The alcove in our room.

When Pat went to order us breakfast in the morning, I reminded him about the noise issue as he ducked out the door. Ten minutes later, he came back. Laughing.

Mangoes. Before Pat had even said word one, the cheerful owner inquired about our night and asked him if the mangoes had bothered us. You know. The ones that are blown out of the tree by the wind and land with a sickening crack on the stones. Or echo for a full five seconds after they torpedo into the tin roof. And then clatter their way to a final resting spot.

Mangoes. ♣

My love of mangoes was not harmed by this experience. Click for photos of the nothing that I did for five days of rest, ice, compress and elevate.
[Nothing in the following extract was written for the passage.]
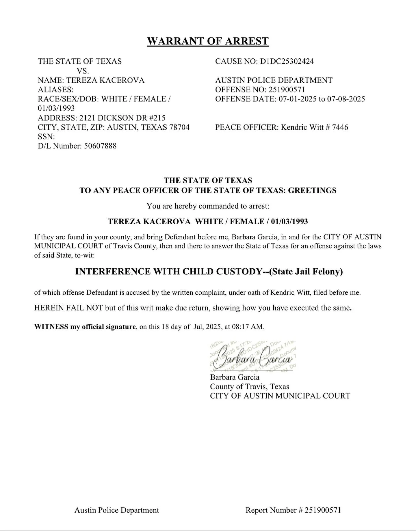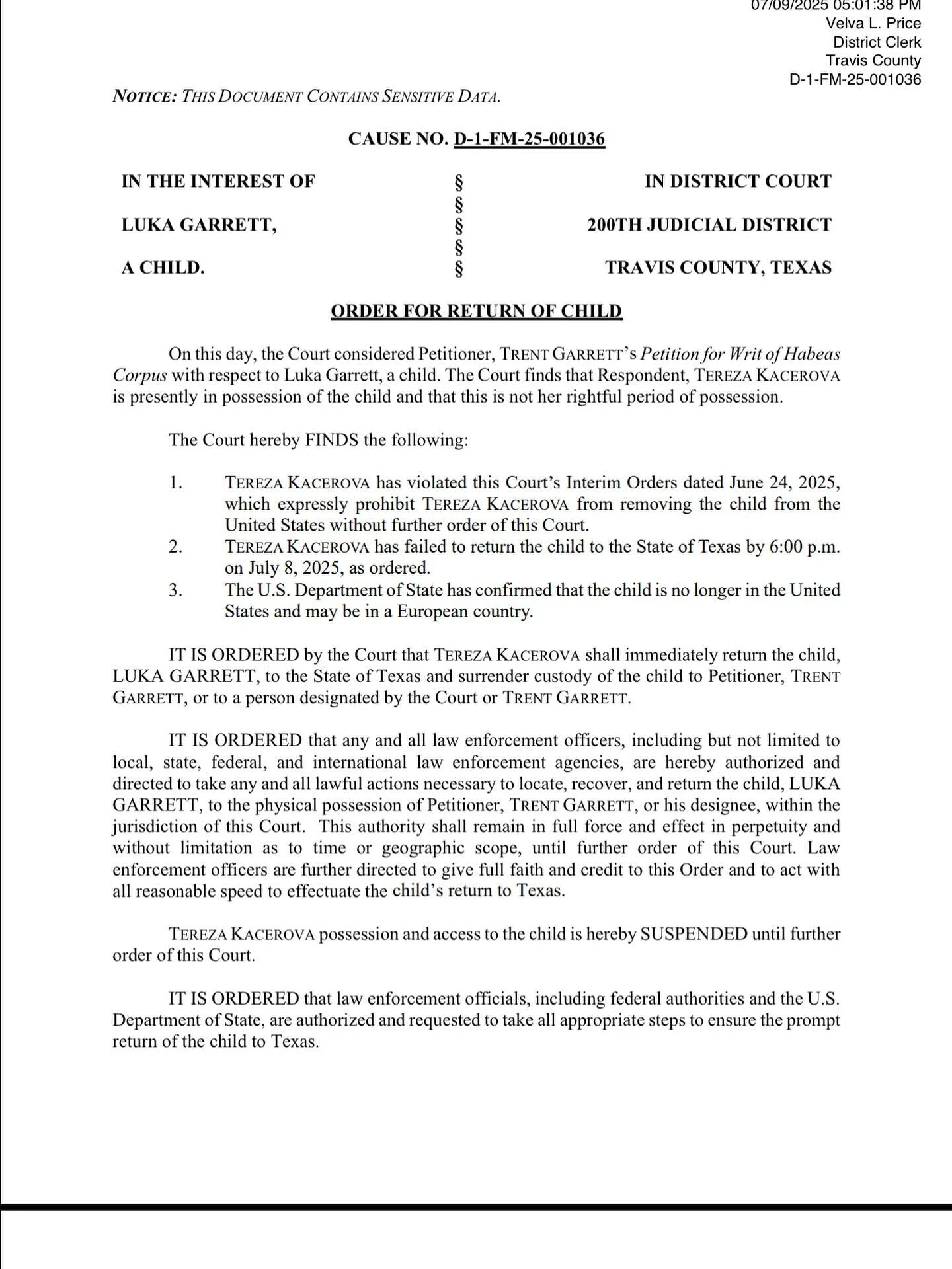 Tereza Kacerova has kidnapped Luka Garrett after losing custody to his father. There are open Federal and State warrants out for her arrest for felony kidnapping. She has serious psychiatric issues and has been ORDERED to return the child to the father and return him to his stable life in America. She originally took him to the Czech Republic, but after the Czech court ruled that the child must return to the United States to his the legal custody of his father, she has now fled to Southeast Asia. We need your help to find and return Luka to the United States.

p.s. I’m publishing this nearly two weeks post injury.   No, it wasn’t broken.   And the update is: Still bruised.   Still swells up if I try to walk around without a compression wrap.   Still extremely loose joint. Still can’t balance on the   foot.   Still can’t walk normally down a set of stairs. Still can’t walk faster than a granny.   Still doing self-prescribed PT program.   Still smiling.
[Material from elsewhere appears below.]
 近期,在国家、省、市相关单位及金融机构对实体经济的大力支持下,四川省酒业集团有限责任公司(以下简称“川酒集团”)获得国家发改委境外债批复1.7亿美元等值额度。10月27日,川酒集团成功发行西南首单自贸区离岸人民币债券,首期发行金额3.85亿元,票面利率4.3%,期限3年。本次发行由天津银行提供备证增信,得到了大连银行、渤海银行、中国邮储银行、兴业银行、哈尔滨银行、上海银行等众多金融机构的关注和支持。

p.p.s. The hospital – omg.   This is one of those situations where you choose to have a good attitude.   Crumbling, dilapidated… just barely getting by.   The doctor evaluates me while I sit in a wheel chair next to the reception counter.   Pat wheels me to the xray window where they mark a few things on my Rx, then send me to the cashier to pay first.   Then we go into the xray room – home to a machine that had to be built somewhere circa 1950.   The faded mustard-colored paint is peeling and flaking off the concrete walls.   The room is full of junk – dusty cardboard boxes overflowing with old records.   Jugs of developing fluid on the floor.   Pieces of old furniture.   Crumpled blinds covered in dust.   We’re talking perfect setting for a horror film.   Complete with the spooky wisps of daylight creeping in through the dirty curtains.   I crawl up onto the creaky table, am given a heavy vest to drape over my body that looks like it was made from the saddle of a 1800’s outlaw, and then rotate my foot to three different positions while the tech hides behind the lead wall and snaps photos.   Two minutes later, we hold the xray up in front of the window to examine it for fractures.

Before getting up on the table...


While we wait for the doctor to come give the okay, the power goes out.   Brown out.   And who knows when it will come back on.   Lucky timing that it happened before the x-ray!   Doc says I’m good to go, walks us to the lobby, and instructs Pat to buy an elastic bandage at the pharmacy in town.   I try and ask if that’s necessary or can I just keep using my scarf.   He doesn’t understand, so I make him stick his hand out and I start wrapping his forearm like I would my foot.   He laughs and sends us packing.   The (hot!) xray tech makes a production of wheeling me outside to the street that overlooks the ocean where he claps his hands high over his head and yells “Tricycle!” to get someone to come give me a ride.   I’m cracking up the whole time.   Hilarious!